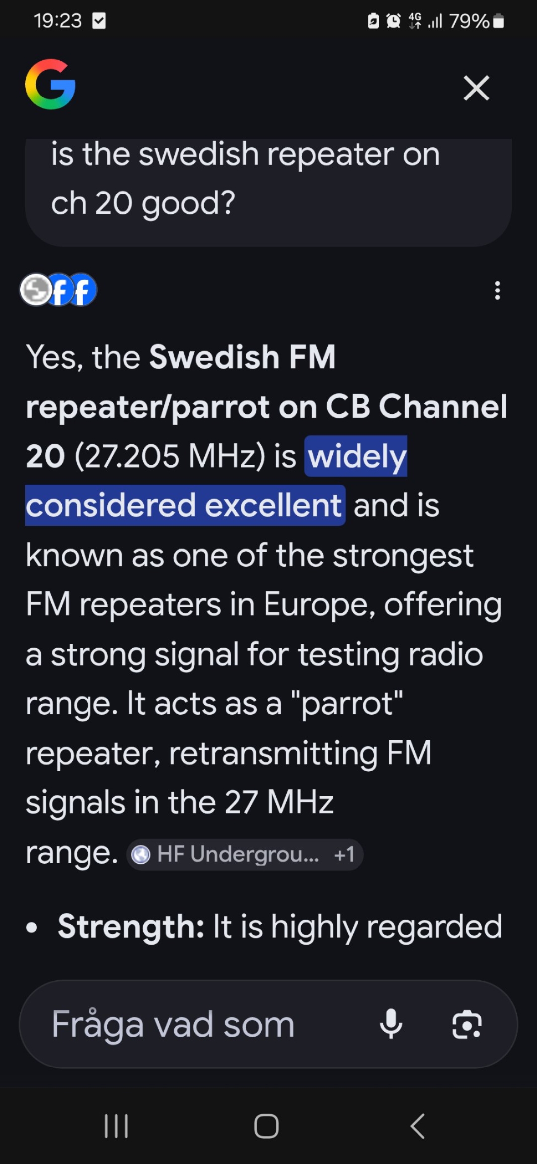 Snabbsökning om repeatern betraktas som bra, gav följande svar:
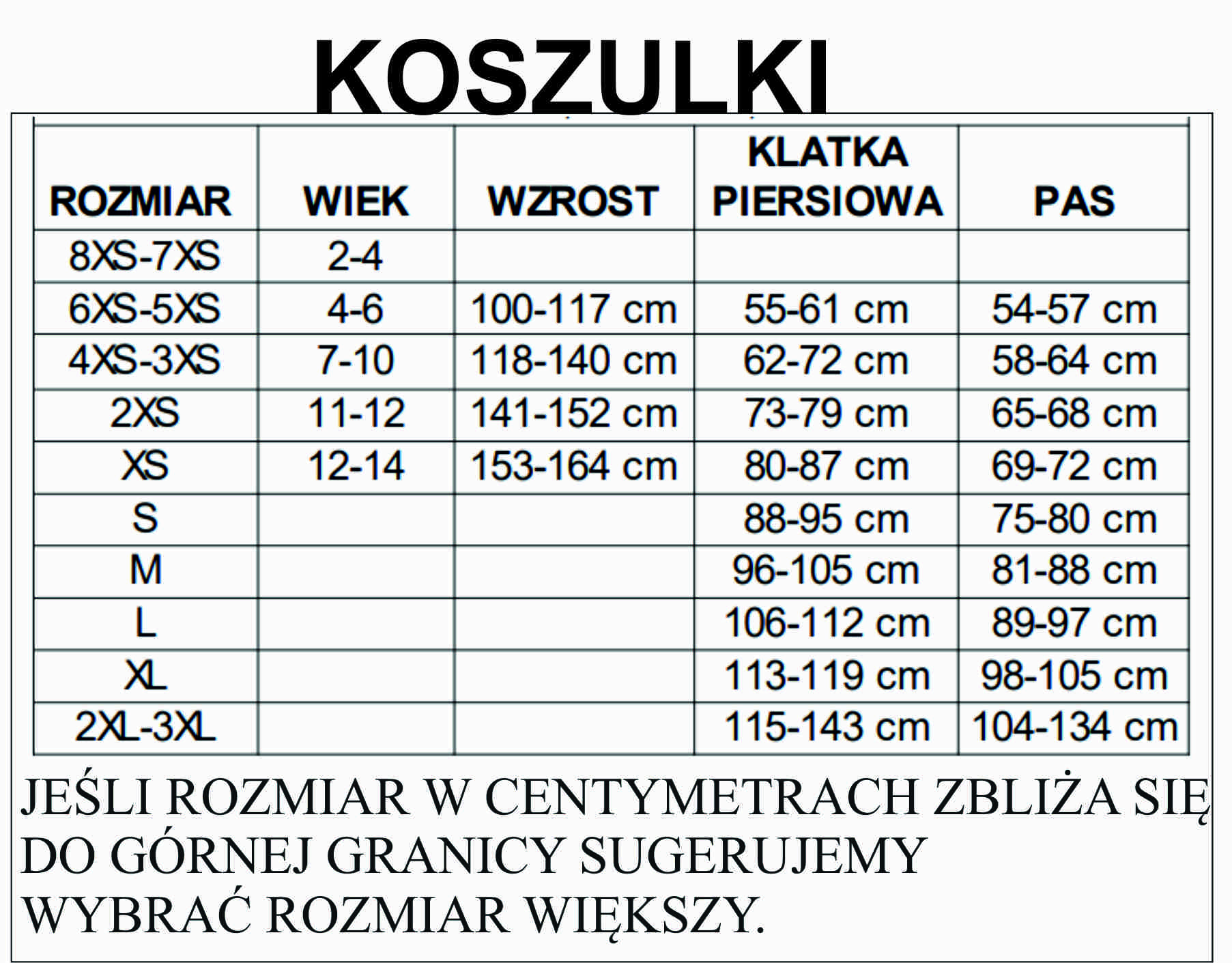 | Rozmiar | 8XS-7XS, 6XS-5XS, 4XS-3XS, 2XS, XS, S, M, L, XL, 2XL-3XL |
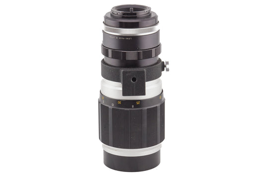 Manual focus telephoto prime lens for the T4 modular mount system made by Tokina. Integrated rotatable tripod mount ring. Metal body in black and silver finish.
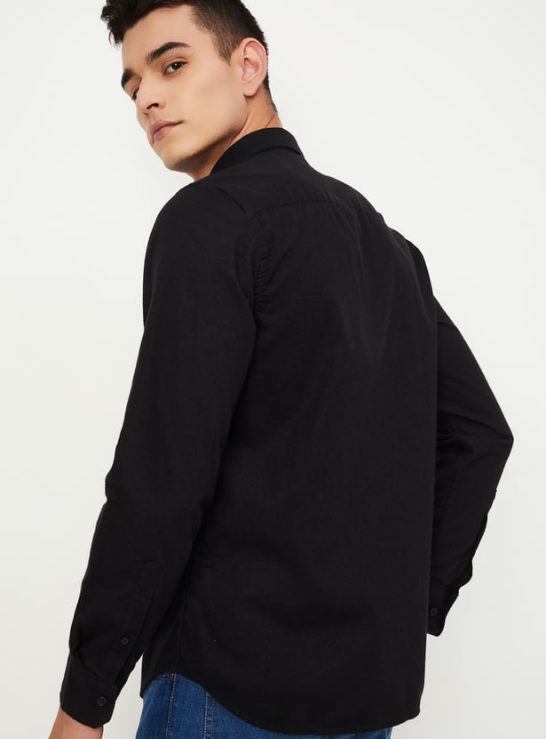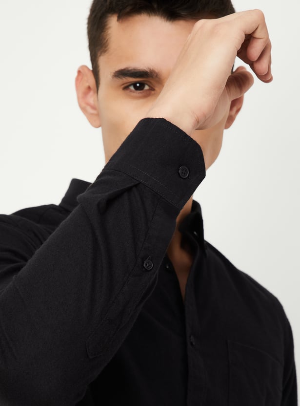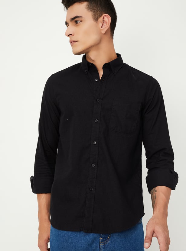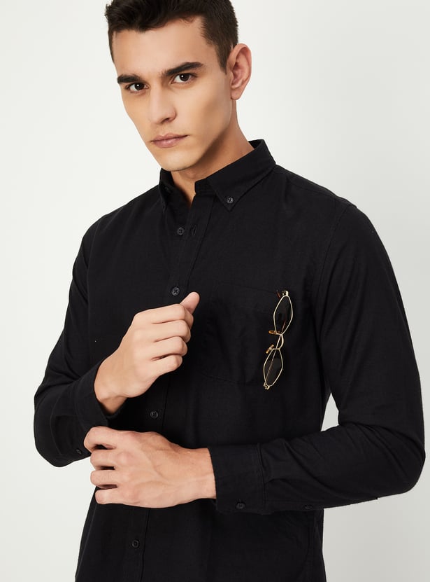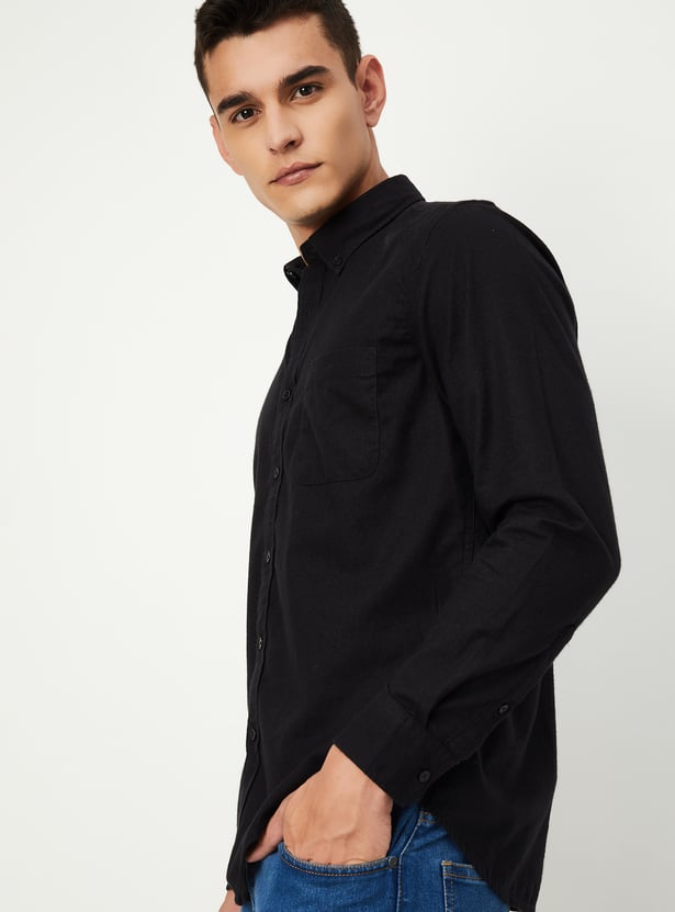 Elevate your casual wardrobe with this solid shirt, featuring a button-down collar, full sleeves, a button placket, and a patch pocket. Perfect for versatile styling, this shirt combines classic design with modern details for a polished look.
*-*-*
• [Task prompt]
Quote the data exactly, leaving every image out of the copy.

• [Output for this task]
 Snabbsökning om repeatern betraktas som bra, gav följande svar:
 | Rozmiar | 8XS-7XS, 6XS-5XS, 4XS-3XS, 2XS, XS, S, M, L, XL, 2XL-3XL |
 Manual focus telephoto prime lens for the T4 modular mount system made by Tokina. Integrated rotatable tripod mount ring. Metal body in black and silver finish.
 Elevate your casual wardrobe with this solid shirt, featuring a button-down collar, full sleeves, a button placket, and a patch pocket. Perfect for versatile styling, this shirt combines classic design with modern details for a polished look.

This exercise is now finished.